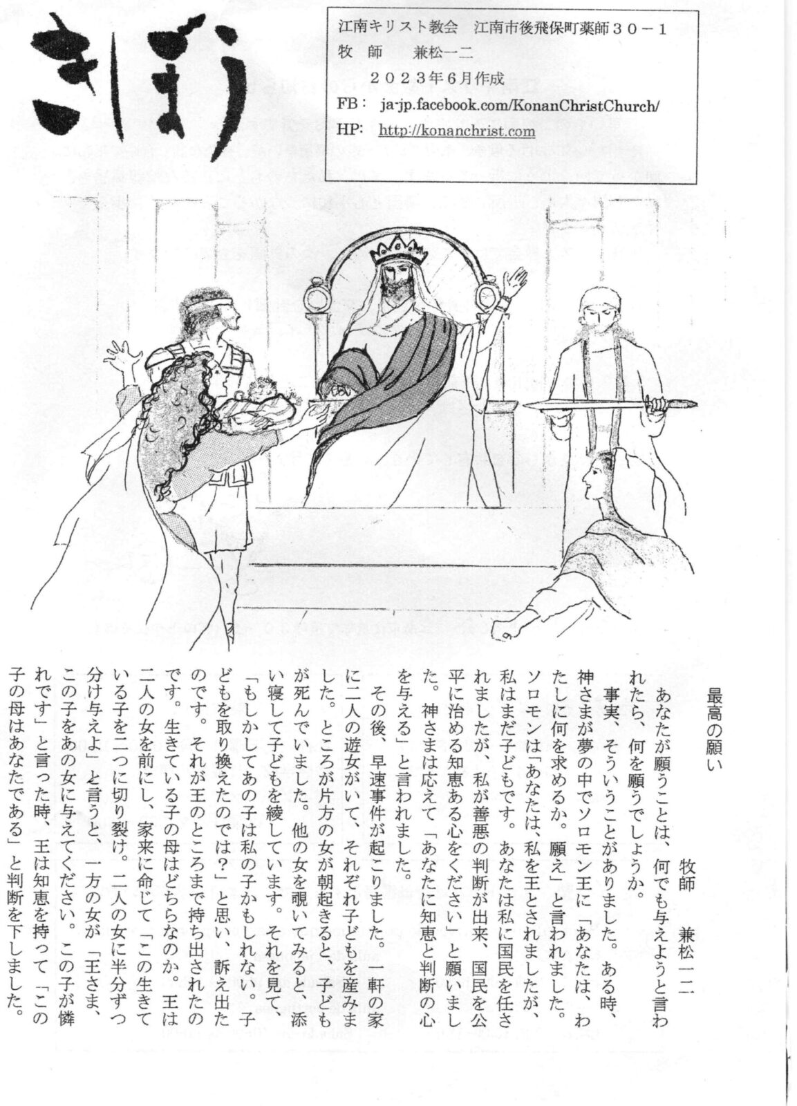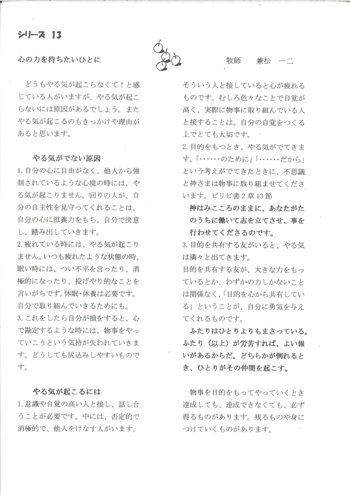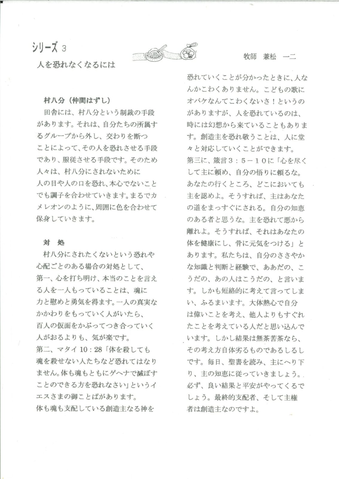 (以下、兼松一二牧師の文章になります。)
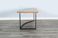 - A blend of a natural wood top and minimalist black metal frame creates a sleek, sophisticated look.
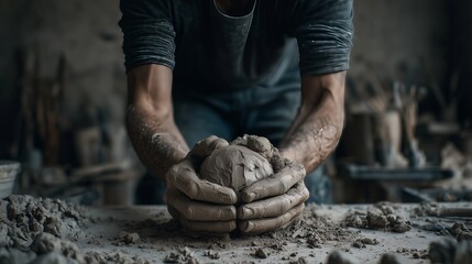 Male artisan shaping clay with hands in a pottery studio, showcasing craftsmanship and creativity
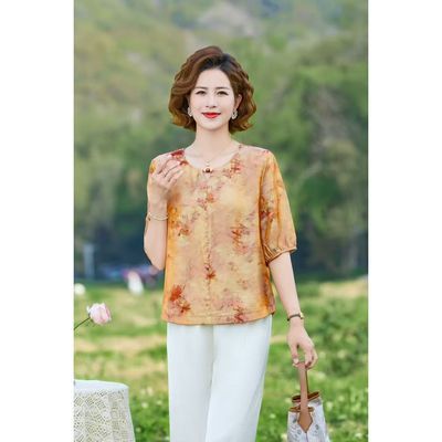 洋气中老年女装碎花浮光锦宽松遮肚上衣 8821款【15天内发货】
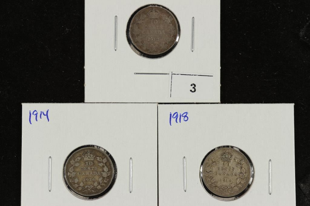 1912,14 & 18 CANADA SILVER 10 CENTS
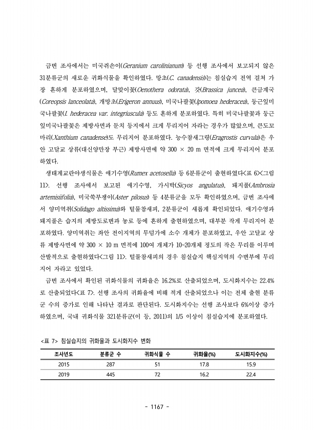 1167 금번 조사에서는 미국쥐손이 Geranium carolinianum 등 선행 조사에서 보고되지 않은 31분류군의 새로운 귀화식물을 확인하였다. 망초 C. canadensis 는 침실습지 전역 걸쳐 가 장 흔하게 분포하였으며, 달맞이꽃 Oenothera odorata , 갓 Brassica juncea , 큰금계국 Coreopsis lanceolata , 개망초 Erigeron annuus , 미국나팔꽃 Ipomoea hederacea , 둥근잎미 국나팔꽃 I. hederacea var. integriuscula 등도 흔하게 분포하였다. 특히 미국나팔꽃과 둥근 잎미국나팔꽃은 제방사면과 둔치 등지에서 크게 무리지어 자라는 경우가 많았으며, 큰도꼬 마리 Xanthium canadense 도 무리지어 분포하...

========================================================================

REQUIRED WORK:
Each line above must be repeated exactly in the answer, with pictures omitted.

WRITTEN SOLUTION:
 (以下、兼松一二牧師の文章になります。)
 - A blend of a natural wood top and minimalist black metal frame creates a sleek, sophisticated look.
 Male artisan shaping clay with hands in a pottery studio, showcasing craftsmanship and creativity
 洋气中老年女装碎花浮光锦宽松遮肚上衣 8821款【15天内发货】
 1912,14 & 18 CANADA SILVER 10 CENTS
 1167 금번 조사에서는 미국쥐손이 Geranium carolinianum 등 선행 조사에서 보고되지 않은 31분류군의 새로운 귀화식물을 확인하였다. 망초 C. canadensis 는 침실습지 전역 걸쳐 가 장 흔하게 분포하였으며, 달맞이꽃 Oenothera odorata , 갓 Brassica juncea , 큰금계국 Coreopsis lanceolata , 개망초 Erigeron annuus , 미국나팔꽃 Ipomoea hederacea , 둥근잎미 국나팔꽃 I. hederacea var. integriuscula 등도 흔하게 분포하였다. 특히 미국나팔꽃과 둥근 잎미국나팔꽃은 제방사면과 둔치 등지에서 크게 무리지어 자라는 경우가 많았으며, 큰도꼬 마리 Xanthium canadense 도 무리지어 분포하...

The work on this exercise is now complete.